Нет, ну правда, неужели он не выглядит настолько соблазнительно, чтоб вот так взять и просто отстраниться? Разорвать до чёртиков трогательный, в буквальном смысле, момент. Тщетные попытки откупиться секундой нежностью, наигранностью, словно перед ним – очередная девушка, на которую мгновенно встало и захотелось охмурить. Поправочка на то, что на Лэйтона стоит почти всегда. Хотелось сквозь скулеж и неуёмный свербёж в штанах потереться о его грудь и прохрипеть нечто вроде: «Ну же, я понимаю, ты устал, но давай прямо здесь, в ванной»
А вместо этого лишь улыбнулся, наглость во взгляде – почти самодовольство.
- Придёт день, мой милый, и кругов не хватит.
Он сомневался, что такой день наступит – но должно же его однажды отпустить.
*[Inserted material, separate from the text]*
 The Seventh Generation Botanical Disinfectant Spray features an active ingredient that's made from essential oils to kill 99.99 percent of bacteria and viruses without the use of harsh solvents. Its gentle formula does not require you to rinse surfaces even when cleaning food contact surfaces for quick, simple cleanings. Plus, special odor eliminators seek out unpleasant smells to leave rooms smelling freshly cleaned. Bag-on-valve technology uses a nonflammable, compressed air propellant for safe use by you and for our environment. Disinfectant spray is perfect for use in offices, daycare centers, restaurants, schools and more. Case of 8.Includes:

Наверное, ни разу больше недели не выдерживал – осточертевшее Лэйтону желание Захарии трахать всё, что движется, зарождалось в грудной клетке как раковая опухоль. Спустя время прорывалось, и его несло, как океанская волна утаскивает на дно, хватая прохладой и шипучей пеной за лодыжки. Мол, вот, пока его нет, давай. Найди милашку на одну ночь – ты же знаешь, как это просто. Несколько красивых слов, несколько якобы случайных прикосновений и проникновенные взгляды. А потом обязательно наступит момент болезненного восторга.
Как сейчас.
Он снова засмотрелся на его зад. Задержался на родимом пятне, черневшем на упругой ягодице. Такой соблазнительно смуглой, что так и хотелось шлёпнуть ладонью.
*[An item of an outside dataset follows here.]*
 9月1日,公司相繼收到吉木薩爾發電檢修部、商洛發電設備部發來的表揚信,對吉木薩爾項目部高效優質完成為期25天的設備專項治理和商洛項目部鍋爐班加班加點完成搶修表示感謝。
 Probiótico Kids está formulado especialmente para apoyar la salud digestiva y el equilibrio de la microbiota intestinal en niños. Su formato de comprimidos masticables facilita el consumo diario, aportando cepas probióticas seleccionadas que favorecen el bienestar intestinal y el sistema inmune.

- Бекона, да? – по инерции повторил он почти шёпотом.
Но голову немедленно остудили – в лицо ударило струями ледяной воды. Захария, отплёвываясь и пятясь, закрывая руками глаза, думал лишь о том, чтобы идущий из ошпарённой головы пар не выдал его с потрохами. Как же отлично, что они не умеют читать мысли друг друга. Хоть какие-то ограничения на доступ в черепную коробку. Кожу покрыли колючие мурашки, вода стекала по груди, капала с отяжелевших ресниц и мешала обзору. Он выдохнул попавшую в рот воду, посмотрел на Лэйтона с затаённой детской обидой. Капли стекали со штанин, под ступнями хлюпала набежавшая лужа.
- Обязательно. В следующий раз – обязательно. – Он перехватил его руку за запястье, с силой сжал. – Некоторым из них до одурения нравится слушать о прелестях нашей совместной жизни.
Сдёрнул со змеевика полотенце и с видом униженным и оскорблённым свалил из ванной,  не забыв по-бабски истерично хлопнуть дверью. Так, чтоб вздрогнули окна, по воде на полу и мокрым следам пробежала рябь. Остервенело растирая волосы и морщась от ледяных капель, стекающих по спине, он, неловко прыгая на одной ноге, стянул мокрые вещи и кинул прямо на пол – хер что уберёт. Порылся в шкафу, стараясь не смотреть на полки, забитые беспорядочными комьями Лэйтоновского тряпья – бардак злил ещё больше. Натянул что-то более-менее приличное, запустил пятёрню в мокрые волосы, зачёсывая назад.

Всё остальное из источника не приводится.